Akira Ransomware: A Persistent Threat to MSP Operations

Despite being first identified in early 2023, Akira ransomware continues to pose a significant threat to managed service providers and their clients throughout 2024 and into 2025. Akira ransomware has targeted numerous small and medium businesses and MSPs. By April 2024, more than $42 million had been extorted from victims and its prevalence has only grown since then.

Akira Recommendations from CISA

The CISA advisory AA24-109A, released in April 2024, highlighted critical vulnerabilities and attack vectors that remain actively exploited by Akira operators today. Todyl continues to observe active deployments of both newer Akira variants and legacy versions that leverage the same initial access vectors outlined in the original CISA guidance, demonstrating the ransomware group's ability to target the interconnected nature of MSP environments.

CISA actions to take today to mitigate cyber threats from Akira ransomware:

• Prioritize remediating known exploited vulnerabilities.
• Enable multifactor authentication (MFA) for all services to the extent possible, particularly for webmail, VPN, and accounts that access critical systems.
• Regularly patch and update software and applications to their latest version and conduct regular vulnerability assessments.

Todyl’s Akira Findings: Tactics, Techniques, and Procedures (TTPs)

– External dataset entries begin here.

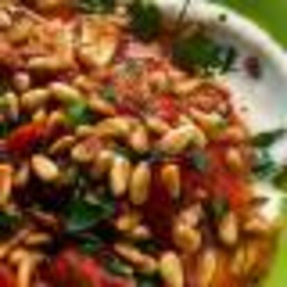 UNTABLE DE YOGUR, TOMATES CHERRY CONFITADOS Y PIÑONES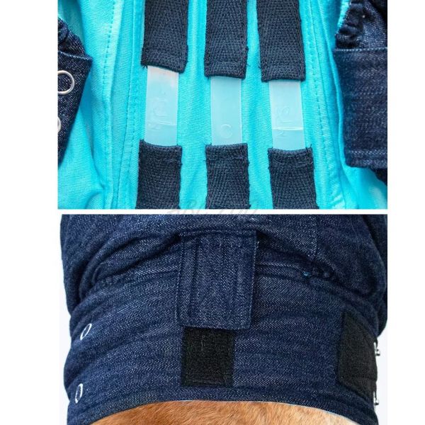 Ochraniacz posiada dwie specjalnie zaprojektowane kieszenie boczne po wewnętrznej stronie uszu. W nich można umieścić miękką poduszkę dla dodatkowej ochrony głowy. (Tylko 1 taka poduszka jest wliczona w cenę). Uszy psa można również włożyć do tych kieszeni, aby chronić sierść przed bieżącą krwią lub maściami. Jeśli konieczne jest schłodzenie jednego lub obu uszu (po konsultacji z weterynarzem), kieszonki te mogą być również używane do przechowywania wkładek chłodzących.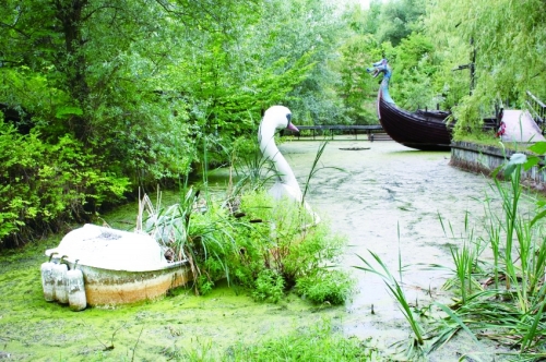 “猛犸象”一夜间消失,“海盗船”早已搁浅,覆满涂鸦的恐龙雕塑无力地横卧在地上,露出森森白牙,被杂草掩盖的游船散落在灌木从中,里面堆满沙土,模仿都铎风格的英式建筑群被火烧焦,“牛仔小屋”更是只余瓦砾,犹如一具骷髅。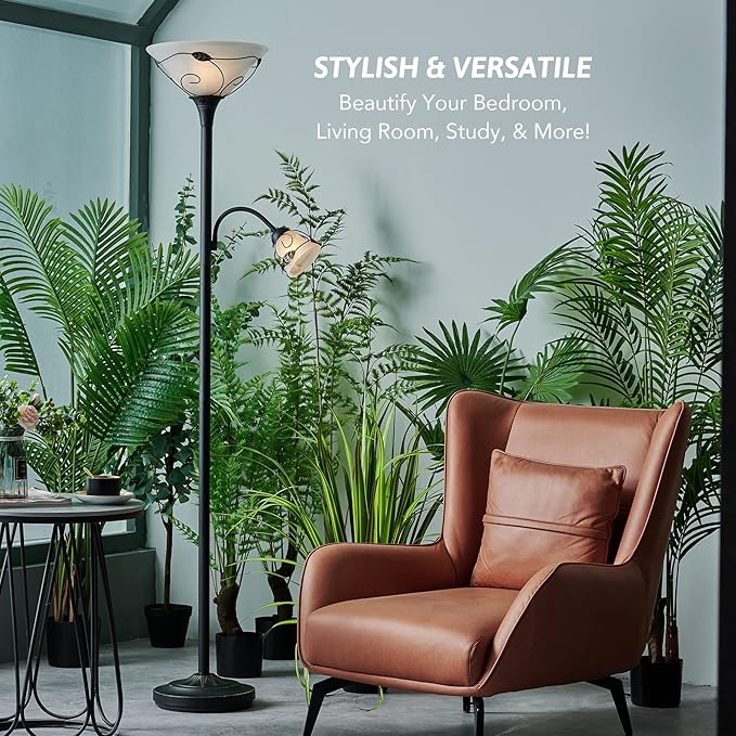 VONLUCE Torchiere Floor Lamp with Side Reading Light, 3-Way Switch Combo Antique Bronze Mother Daughter Floor Lamp with Glass Shade, 71" Desk Floor Lamp for Living Room Corner Bedroom Home Office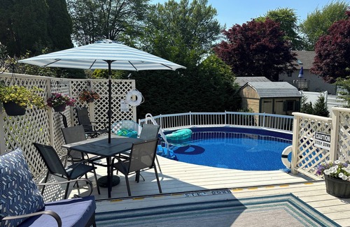 The main level opens to an 2 level, over-sized deck outfitted with a gas grill, outdoor dining and seating areas and a salt system above ground pool with deck off the house for a dip after a day at the beach or your adventures. PLEASE NOTE: The pool depth is less than 4 ft. There is no diving or jumping allowed. No children under the age of 18 are allowed in the pool or on the deck area without an adult present at all times. All guests swim at their own risk. A U.S. Coast Guard approved Life Ring is directly located on the deck by the pool and is NOT to be USED unless case of emergency. The deck gate must remained lock at all times.
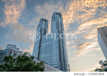 日本,新宿子中心的東京都市風景。夕陽下閃耀的東京都政府大廈的景色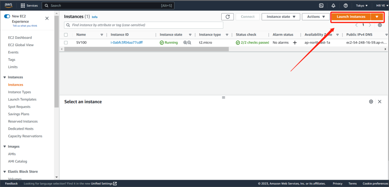 Paso 1: haga clic en la esquina superior derecha para crear la instancia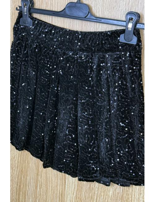 Falda corta plisada confeccionada en terciopelo combinado con lentejuelas. Cintura elástica y boxer interior de punto fino.
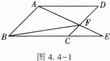 4. (★) 如图4.4-1,E是□ABCD的边BC延长线上一点,连接AE,交CD于点F,连接BF. 写出图中任意一对相似三角形: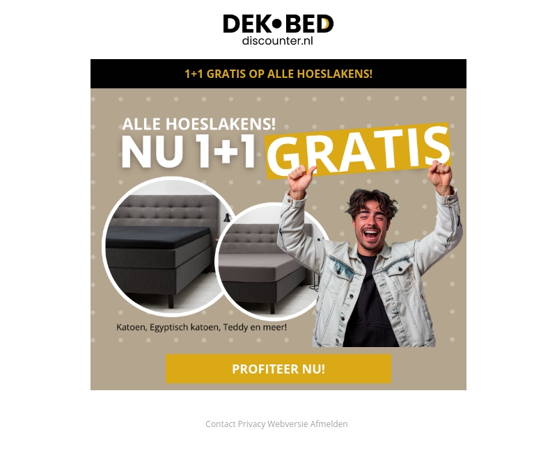 Ontvang nu een geweldige aanbieding bij Dekbed Discounter: 1+1 gratis op alle hoeslakens! Kies uit diverse materialen zoals katoen, Egyptisch katoen, Teddy en meer. Mis deze kans niet en vernieuw je beddengoed met hoge kwaliteit hoeslakens. Profiteer direct!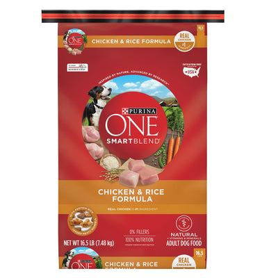 Trase A Purrina One Dry Dog Food for Adult Dogs, High Protein Dog Food with Added Vitamins and Minerals, Real Chicken & Rice, 16.5 lb Bag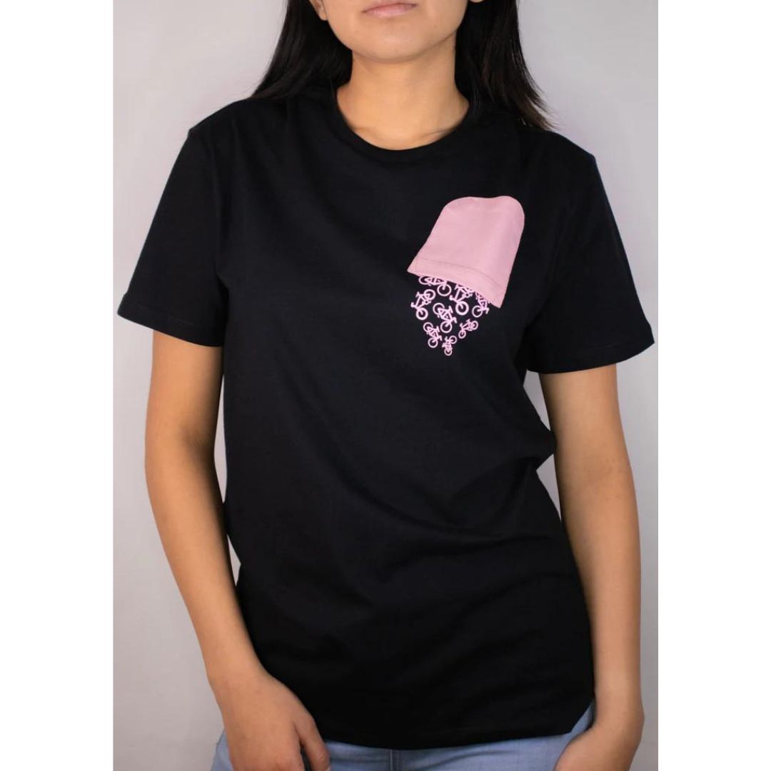 Un diseño que reta a todas las cosas comunes que conoces, manteniendo una imagen elegante, alegre y moderna. Con una bolsa y estructura delicadamente confeccionada, Falling in bike dará como resultado una prenda con un tacto muy suave y ligero. Enalteciendo la pasión por la bicicleta que se derrocha hasta el alma.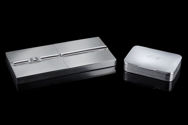 Lotto composto da una scatola in argento marcata CR e un porta sigarette bipart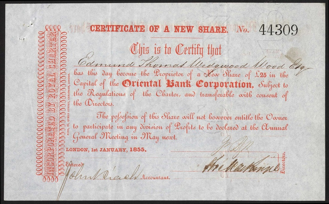 Oriental Bank Corporation, £25 NEW share, 1855, #44309, scrollwork at left, red. VF and considerably more scarce than the original issues of 1851.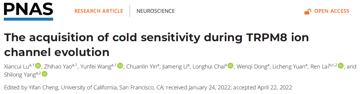 我院杨仕隆课题组在动物登陆演化与TRPM8冷激活机理方面取得新进展

In attacks Todyl has monitored, the threat actor starts by bypassing the external network perimeter and gaining machine access via RDP using compromised credentials. The threat actor then performs reconnaissance, finding other machines on the network and targeting the domain controller.  

Domain reconnaissance

Using ping or PowerShell, the attacker seeks other hosts. With nltest.exe and net.exe on the domain controller, they enumerate domain admins, domain controllers, and all trusted domains in the Active Directory Forest.  

The attacker will then proceed to try to map out the network using downloaded tools and prioritize higher-level account compromise using:  

• netscan.exe
• masscan
• Advanced IP Scanner  

Threat actors also use the system’s Notepad to copy down user and domain enumeration information in .txt files.

Additional tactics

Before deploying ransomware, the attacker exfiltrates data through a cloud data provider. Interestingly, Todyl recently observed cases where threat actors uninstalled the EDR on every machine they moved to. Instead of using advanced techniques, they simply removed it through the EDR’s own uninstall process. Because the EDR wasn’t set up with tamper protection, this left an easy loophole for the attacker to exploit.

When analyzing these TTPs, it’s more than making judgements off a single data point. Instead, one must identify consistent behavior patterns. Todyl uncovered these patterns to detect and follow Akira’s various activities.

How MSPs can Combat Akira Ransomware

The ransomware group has repeatedly targeted managed service environments, with several high-profile MSP breaches documented in 2024. These attacks show a clear understanding of how to exploit MSP infrastructure to spread impact across multiple client organizations.

What to do today

• Threat intelligence from the April 2024 CISA advisory (page 5 AA24-109A) is still current and actionable. Continue to monitor for the listed indicators of compromise and other attack patterns as Todyl finds them.  
• Implement comprehensive detection and response capabilities to identify and contain Akira ransomware before it can propagate. The persistence of older attack methods underscores this critical need.
• Ensure EDR solutions are tamper proofed.
• Ensure adequate logging exists for the environment in a way that it can’t be overwritten or deleted by attackers.
• Use proper change controls and have alerts set for changes outside of routine maintenance windows.